Bununla birlikte, yeni bir çalışma, durumu tedavi etmenin en yaygın yollarından birinin – spinal enjeksiyonların kullanımı – en az etkili olanlardan biri olabileceğini ortaya koydu. Ve kullanımının arkasındaki nedenler, hastanın refahından çok finansal kazançla ilgili olabilir.
British Medical Association’ın (British Medical Association) dergisi The BMJ’de yazan bir uzman paneli, epidural steroid enjeksiyonları ve sinir blokları gibi müdahalelerin sırt ağrısını ortadan kaldırmada plasebo enjeksiyonlarından daha etkili olmadığını söylüyor.
Araştırmacılar bu sonuca , hasta bakımı için bilinçli önerilerde bulunmak amacıyla çalışmaları taramayı amaçlayan BMJ’nin Hızlı Öneriler programının bir parçası olarak ulaştılar.

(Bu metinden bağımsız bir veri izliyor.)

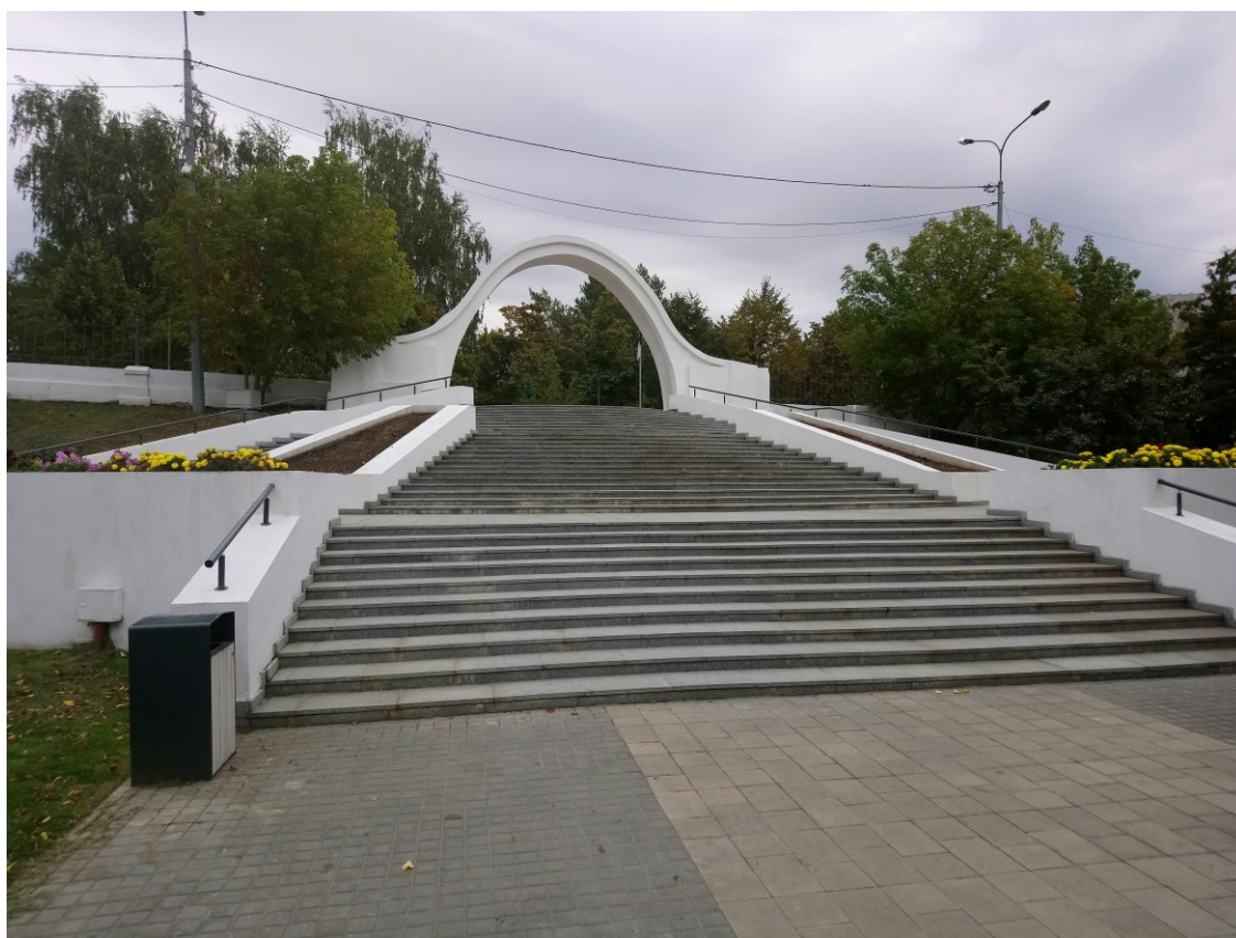
Фото 2. Лестница у входа в парк.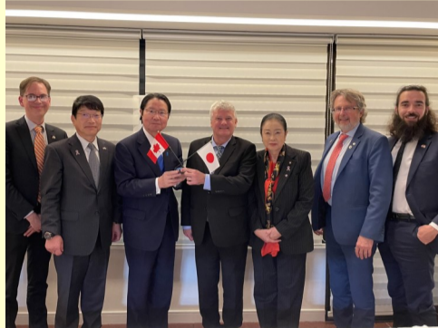
11. 17 加日議連の共同議長の歓迎懇談会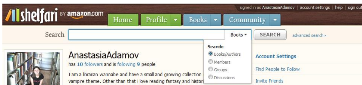
Slika 20. Shelfari vizualni identitet 101

"Literatura je luksuz; fikcija je potreba.." ~ G.K. Chesterton 102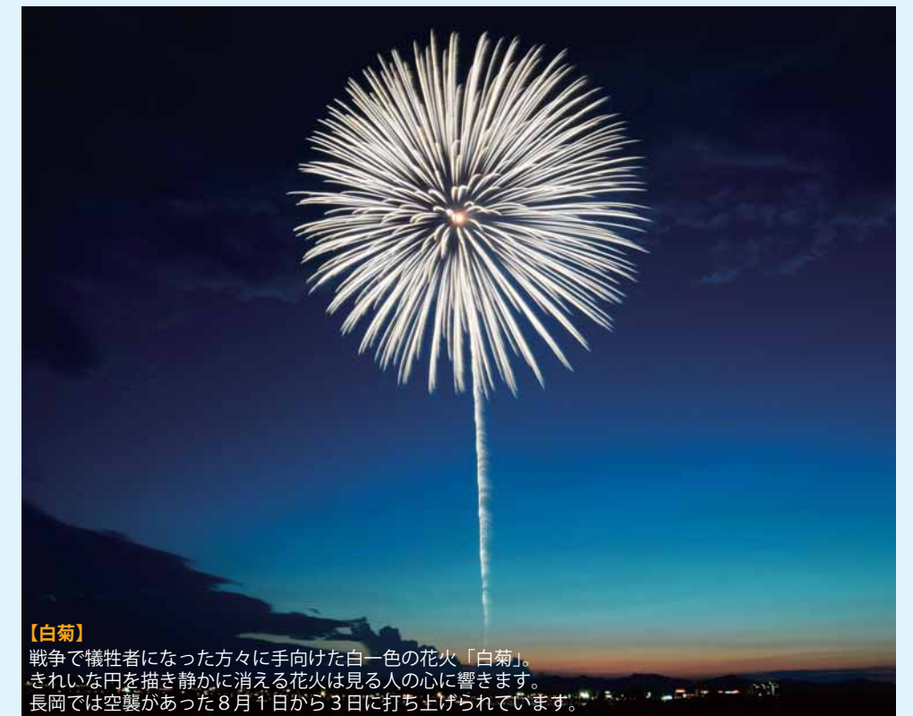
【白菊】戦争で犠牲者になった方々に手向けた白一色の花火「白菊」。きれいな円を描き静かに消える花火は見る人の心に響きます。長岡では空襲があった8月1日から3日に打ち上げられています。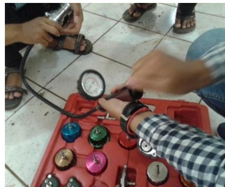
Gambar 8. Pengecekan Tekanan Tutup Radiator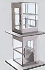
2. Service en équerre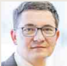
HEINZ NIEDERLEITNER heinz.niederleitner@ koopredaktion.at

Will man den Anti-Missbrauchsgipfel im Vatikan aus mitteleuropäischer Sicht zusammenfassen, wird man sagen müssen: Das meiste, was dort besprochen wurde, war nicht falsch. Aber die Ergebnisse sind zu schwach. Das beginnt bei der Diskussion um das Kirchenrecht. Natürlich müssen die Verfahren transparenter, die Opfereinbindung stärker und die Laienbeteiligung größer werden. Aber das Kirchenrecht alleine ist zu schwach. Die strengste Strafe für Missbrauchstäter ist die Entlassung aus dem Priesteramt und auch das ist unvollkommen: Wer die Strafe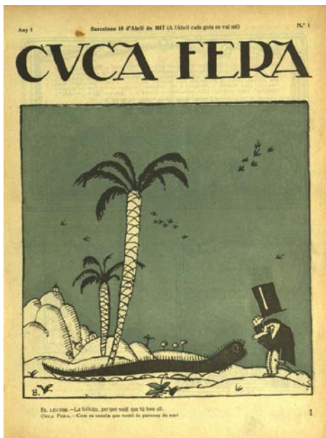
Núm. 1 de la revista Cucafera, a ARCA

En la MDC es poden trobar col·leccions digitalitzades de la Biblioteca de Catalunya d'incunables, manuscrits, llibres impresos, material gràfic, partitures, encuadernacions artístiques, cartells, fons fotogràfics, etc. Aquestes col·leccions estan obertes i s'hi estan incorporant nous documents digitalitzats.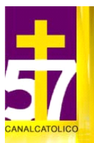
Figura 17: Logotipo de Canal 57 EWTN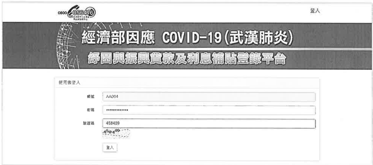
(圖 5)帳號密碼登入介面

C. 點擊信件中-點擊前往登錄網址，進行密碼修改。(圖 5) (第一次登錄需修改密碼)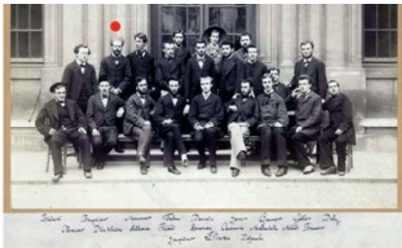
Panneau «France. Emile Durkheim». Réalisation : C. Lévy et L. Nedjar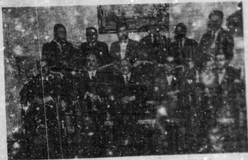
Personas que constituyeron la primera C. D. que rigió los destinos de Casa de Galicia.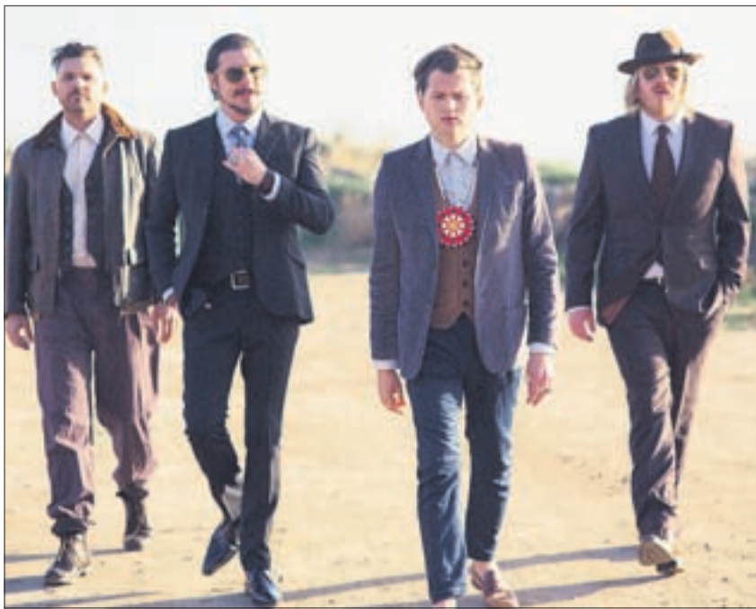
Die amerikanische Rockband Rival Sons gibt sich in Andermatt die Ehre und wird am neuen Festival ein Konzert geben.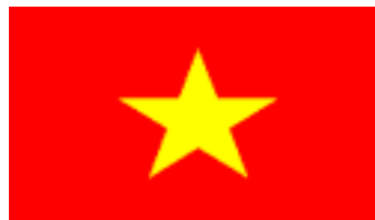
1955 hiện nay (*)

VIỆT NAM SAU CS CŨNG SẼ LÀ CỜ VÀNG BA SỌC ĐỎ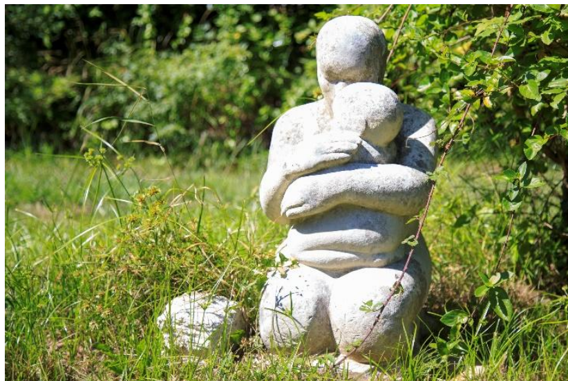
La maternité - Taille directe – 1950 - H. 80 cm – Killy Beall

Un moment d'exception pour découvrir l'ensemble de l'œuvre de Swiecinski et célébrer Killy Beall et le musée de Guéthary.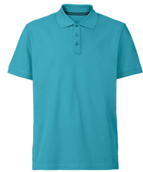
295 - Blue Atoll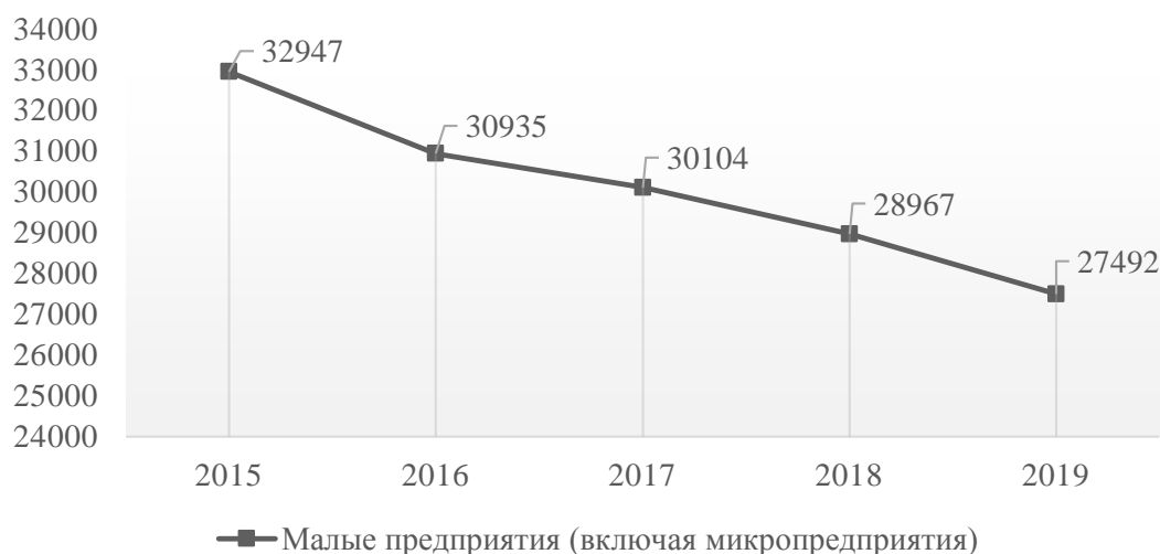
Рис. 2 — Динамика количества малых предприятий (включая микропредприятия) в Республике Коми за период с 2015г. по 2019г.

Количество субъектов малого бизнеса по Республике Коми в рассматриваемом периоде существенно сократилось на 16,56%.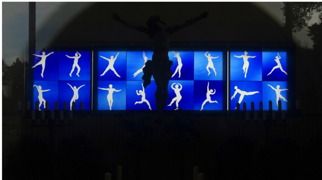
„Tanzender Christus“, Josef Fink, Aufbahngshalle des Friedhofes von St. Veit in Graz.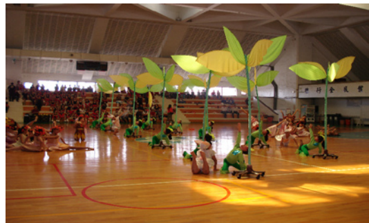
比賽當天小舞者們使出渾身解數，獲得優等佳績。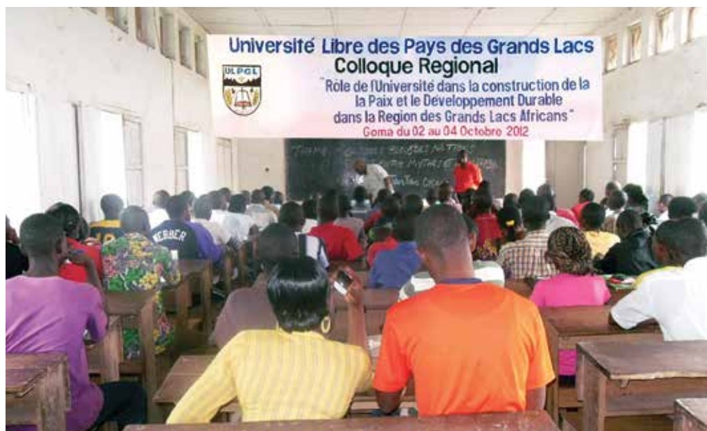
Des étudiants, à Goma, lors d'un colloque régional sur la paix et le développement, à l'Université Libre des Grands Lacs

A l'issue de ce colloque, les participants se sont engagés à : assainir les milieux universitaires en inculquant des valeurs civiques aux étudiants et ainsi, aider à créer d'honnêtes citoyens fiers de servir leur pays ; promouvoir la culture de la paix par l'introduction de la paix dans les curriculums universitaires ; et créer un réseau interuniversitaire dans la sous-région en vue d'entreprendre des recherches dans des domaines d'intérêt commun et faire des publications tendant à promouvoir la paix et le développement durable ■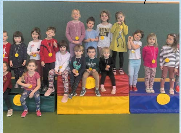
Sportování v hale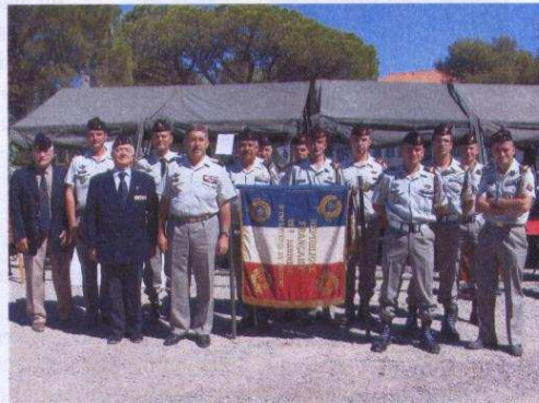
Le GDI de MARNHAC pose fièrement aux côtés de son bataillon de soutien et des anciens du 22 RIC venus en nombre pour l'occasion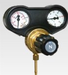
Регулятор 30 л/хв 041622 041219 041646

Bu çalışma için toplamda yaklaşık 8.000 katılımcıyı içeren 81 denemenin meta-analizini gerçekleştirdiler. Sahte enjeksiyonlar ile tıbbi olarak reçete edilen enjeksiyonlar arasındaki farklara, ağrı kesici, uyku kalitesi, opioid kullanımı, sosyal ve fiziksel işlevsellik, çalışma yeteneği ve daha fazlası dahil olmak üzere bir dizi kritere göre baktılar.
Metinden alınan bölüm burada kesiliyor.